Input records:
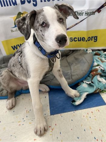 Wrangler does not like being left alone in a crate, so he has been sleeping with the other dogs and his foster Mom and doing well. He will sleep through the night with someone in bed. Wrangler will make a wonderful addition to a family and bring lots of laughs and joy and love. He is still growing so has plenty of time to learn so much and become a great dog for a loving family.
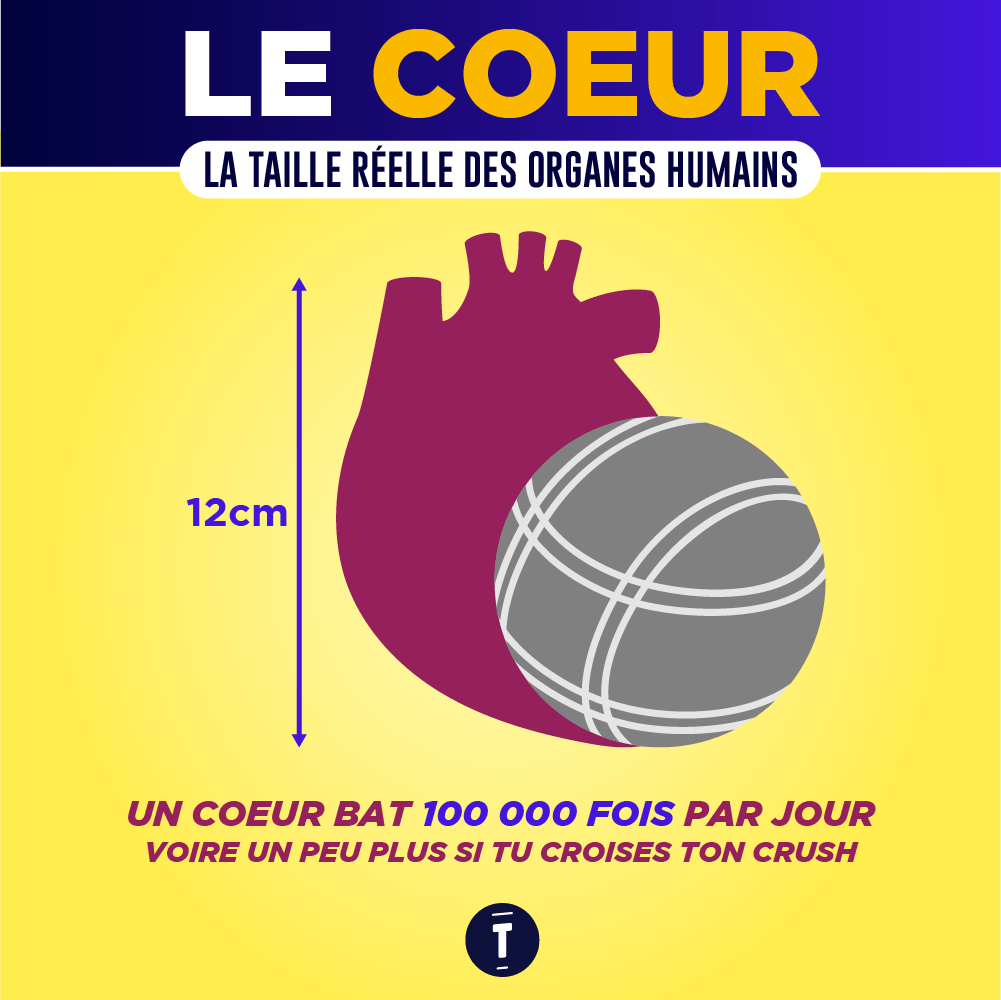 Les cours de SVT étant lointains (je ne me souviens pas plus des schémas de la méiose et de la mitose que des cours d'anatomie), on a voulu comparer nos petits organes avec des objets connus pour tout le monde histoire de se rendre compte de ce qu'on a dans le bidon. Alors attention ici on parle de la taille moyenne des organes sachant que cela varie de quelques centimètres selon les sources donc ne vous insurgez pas dans les commentaires si la taille de votre langue est supérieure à la moyenne. C'est pas de notre faute si vous avez la langue bien pendue.
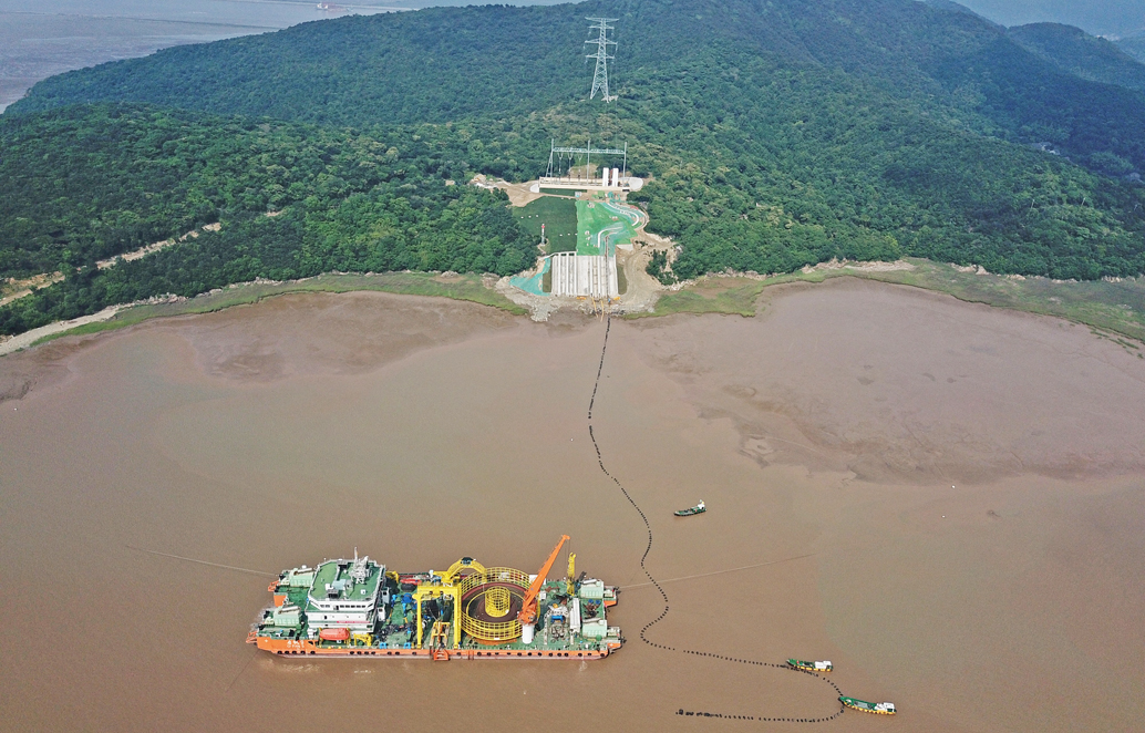 6月2日,从宁波镇海端入海的最后一根500千伏海底电缆,历时5天4夜,成功登陆舟山大鹏山岛,标志着世界首个500千伏交联聚乙烯海缆敷设工程顺利完工,创造我国海洋输电史上又一项纪录。
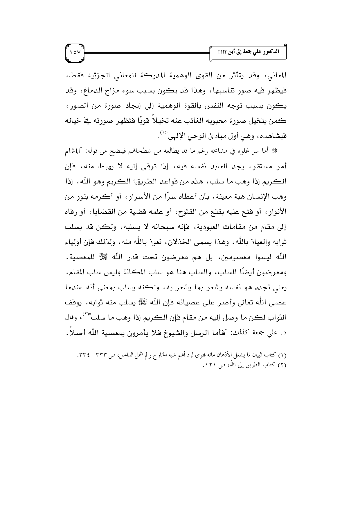 * أما سر غلوه في مشايخه رغم ما قد يطالعه من شطحاتهم فيتضح من قوله: "المقام أمر مستقر، يجد العابد نفسه فيه، إذا ترقى إليه لا يهبط منه، فإن الكريم إذا وهب ما سلب، هذه من قواعد الطريق؛ الكريم وهو الله، إذا وهب الإنسان هبة معينة، بأن أعطاه سرًا من الأسرار، أو أكرمه بنور من الأنوار، أو فتح عليه بفتح من الفتوح، أو علمه قضية من القضايا، أو رقاه إلى مقام من مقامات العبودية، فإنه سبحانه لا يسلبه، ولكن قد يسلب ثوابه والعياذ بالله، وهذا يسمى الخذلان، نعوذ بالله منه، ولذلك فإن أولياء الله ليسوا معصومين، بل هم معرضون تحت قدر الله سبحانه وتعالى للمعصية، ومعرضون أيضًا للسلب، والسلب هنا هو سلب المكانة وليس سلب المقام، يعني تجده هو نفسه يشعر بما يشعر به، ولكنه يسلب بمعنى أنه عندما عصى الله تعالى وأصر على عصيانه فإن الله سبحانه وتعالى يسلب منه ثوابه، يوقف الثواب لكن ما وصل إليه من مقام فإن الكريم إذا وهب ما سلب" (¬2)، وقال د. علي جمعة كذلك: "فأما الرسل والشيوخ فلا يأمرون بمعصية الله أصلاً،
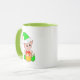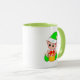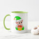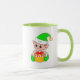 Un elfe vert mignon tenant une boîte cadeau sur Mug arrière - plan blanc. Le nom peut être personnalisé. Idéal pour la Saint-Patrick
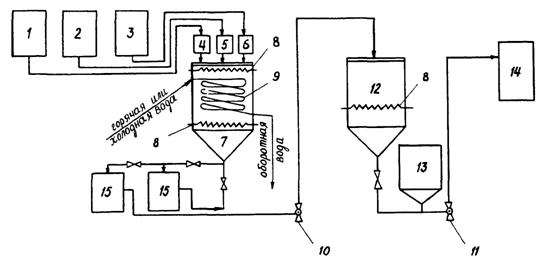 Рис. 1. Принципиальная схема приготовления модифицированных лигносульфонатов (МЛС): 1, 2, 3 - емкости для транспортировки СДБ и активаторов со склада; 4 - мерник СДБ; 5 - мерник электролита; 6 - мерник нейтрализатора; 7 - реактор; 8 - смесители; 9 - змеевик; 10 - 11 - насосы; 12 - емкость-смеситель модифицированной СДБ; 13 - емкость готовой добавки; 14 - дозатор в бетоносмеситель; 15 - отстойники 3.2. Бетонные смеси с суперпластификаторами на месте укладки должны отвечать следующим требованиям: обеспечивать в указанные в проекте организации работ сроки требуемые физико-механические свойства бетона, (прочность, плотность, водонепроницаемость, морозостойкость и т.п.): иметь степень расслоения не более 5 %, водоотделения - 2 % и отклонение от заданной подвижности ±2 см; содержать в единице объема уплотненного бетона заданное объемное или весовое количество исходных материалов. Настоящие требования обеспечиваются: правильным расходом исходных материалов с учетом лабораторного подбора состава бетонной смеси; проверкой выбранного состава бетонной смеси в производственных условиях; систематическим контролем качества составляющих и точности их дозировки при приготовлении бетонной смеси; лабораторной корректировкой состава бетонной смеси в зависимости от изменения ее составляющих и условий производства бетонных работ; систематическим испытанием проб доставляемой бетонной смеси и изготавливаемых из нее контрольных образцов. 3.3. Подвижность бетонных смесей с суперпластификаторами должна назначаться в зависимости от типа конструкций и условий производства бетонных работ. Требуемая подвижность смеси после приготовления (O.K.исх.) устанавливается с учетом ее изменения в процессе транспортировки и подачи к месту укладки:
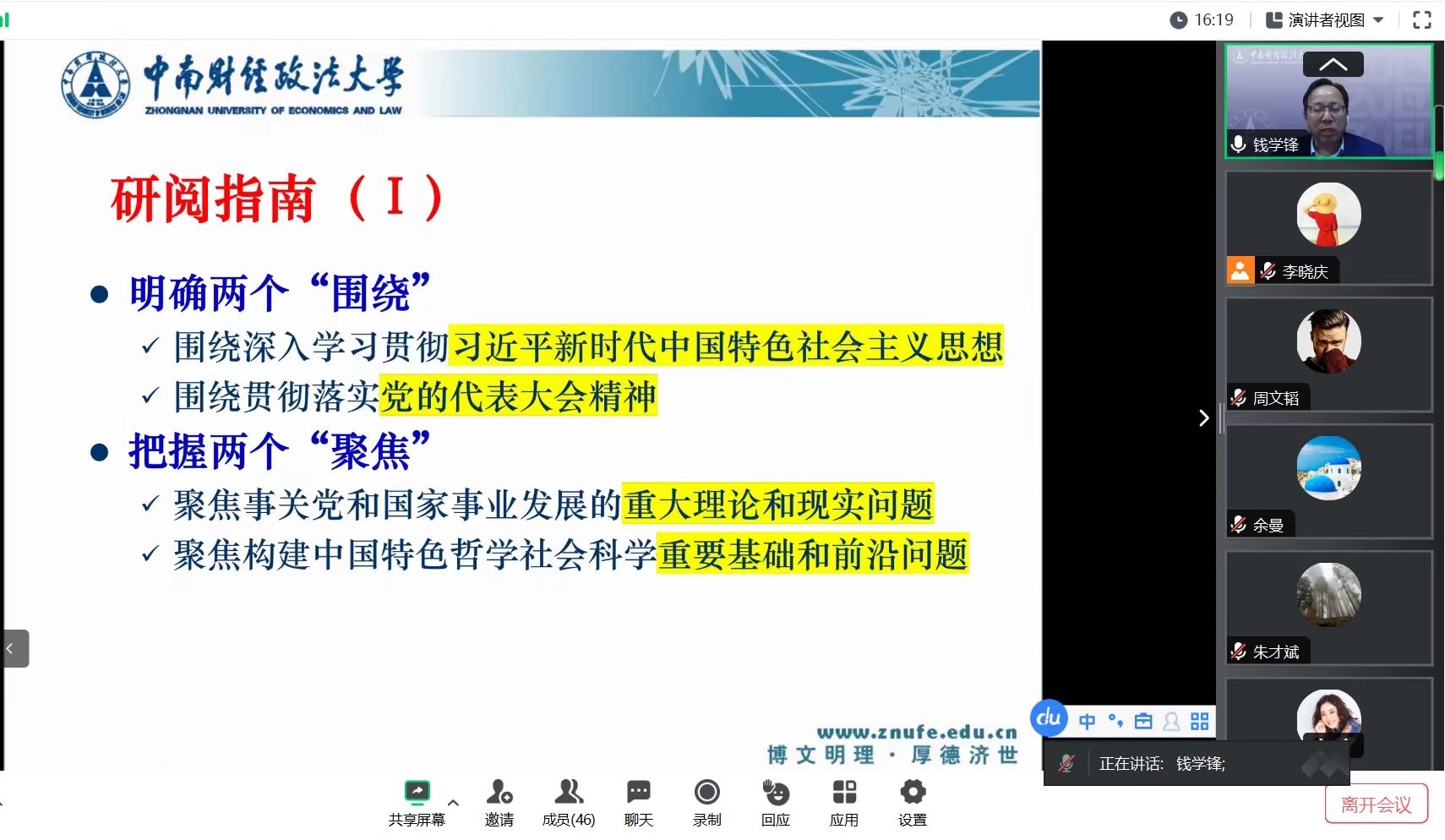钱学锋教授是中南财经政法大学教务部部长,兼任中国(湖北)自由贸易试验区研究院经理,全国高校国际贸易学科协作组青年论坛秘书长、中国世界经济学会常务理事,国家社科基金申报和评审经验丰富。钱教授以国家社科基金为讲解重点,并涉及国家自然科学基金及教育部人文社科基金等结合分享申报经验,从研阅指南、精心选题、充分论证、关注细节、持续准备五个方面分享了国家社科基金申报和评审的经验,重点回答了如何写好学术史梳理及研究动态,如何写好独到的学术价值和应用价值,如何搞准研究对象等一系列问题。
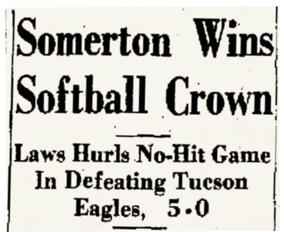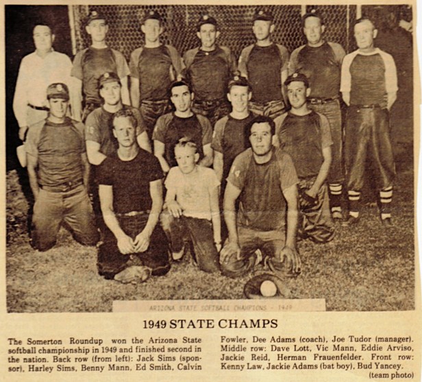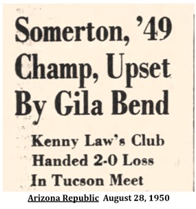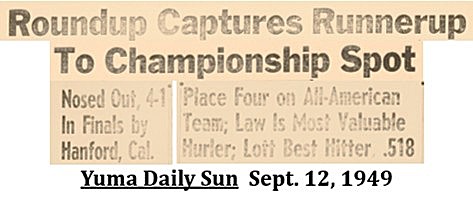The 1949 Arizona state softball tournament presented less of a challenge to the Somerton Roundup than they had faced in the Yuma softball league–an indication of the high level of softball excellence in Yuma. Somerton defeated Avondale 8-0 in game one, a one-hitter by Kenny Law. Game two was a 5-1 victory over Flagstaff, another Law one-hitter. In game three Law gave up 3 hits in a 3-0 win over Ajo, and in the final game Kenny Law threw a no-hitter in a 5-0 win against Tucson. Other Roundup players had excellent performances as well. In addition to Law, Roundup selections to the all-tournament team included catcher Bud Yancey, second baseman Jerry “Red” Cahoon, and outfielders Davy Lott and Bill “Pigeon” Doten. Doten and Cahoon had been added to the Roundup roster from the Bureau of Reclamation team following the conclusion of the Yuma tournament. The state championship was not completely joyful for the Roundup ballplayers: Eddie Arviso’s home in Somerton was burglarized while the team was in Phoenix.

To do: Retype, word for word, only the line holding "钱学锋教授是中南财经政法大学" and the lines after it through the final line of the listing above, and leave every picture out.

Response:
钱学锋教授是中南财经政法大学教务部部长,兼任中国(湖北)自由贸易试验区研究院经理,全国高校国际贸易学科协作组青年论坛秘书长、中国世界经济学会常务理事,国家社科基金申报和评审经验丰富。钱教授以国家社科基金为讲解重点,并涉及国家自然科学基金及教育部人文社科基金等结合分享申报经验,从研阅指南、精心选题、充分论证、关注细节、持续准备五个方面分享了国家社科基金申报和评审的经验,重点回答了如何写好学术史梳理及研究动态,如何写好独到的学术价值和应用价值,如何搞准研究对象等一系列问题。
The 1949 Arizona state softball tournament presented less of a challenge to the Somerton Roundup than they had faced in the Yuma softball league–an indication of the high level of softball excellence in Yuma. Somerton defeated Avondale 8-0 in game one, a one-hitter by Kenny Law. Game two was a 5-1 victory over Flagstaff, another Law one-hitter. In game three Law gave up 3 hits in a 3-0 win over Ajo, and in the final game Kenny Law threw a no-hitter in a 5-0 win against Tucson. Other Roundup players had excellent performances as well. In addition to Law, Roundup selections to the all-tournament team included catcher Bud Yancey, second baseman Jerry “Red” Cahoon, and outfielders Davy Lott and Bill “Pigeon” Doten. Doten and Cahoon had been added to the Roundup roster from the Bureau of Reclamation team following the conclusion of the Yuma tournament. The state championship was not completely joyful for the Roundup ballplayers: Eddie Arviso’s home in Somerton was burglarized while the team was in Phoenix.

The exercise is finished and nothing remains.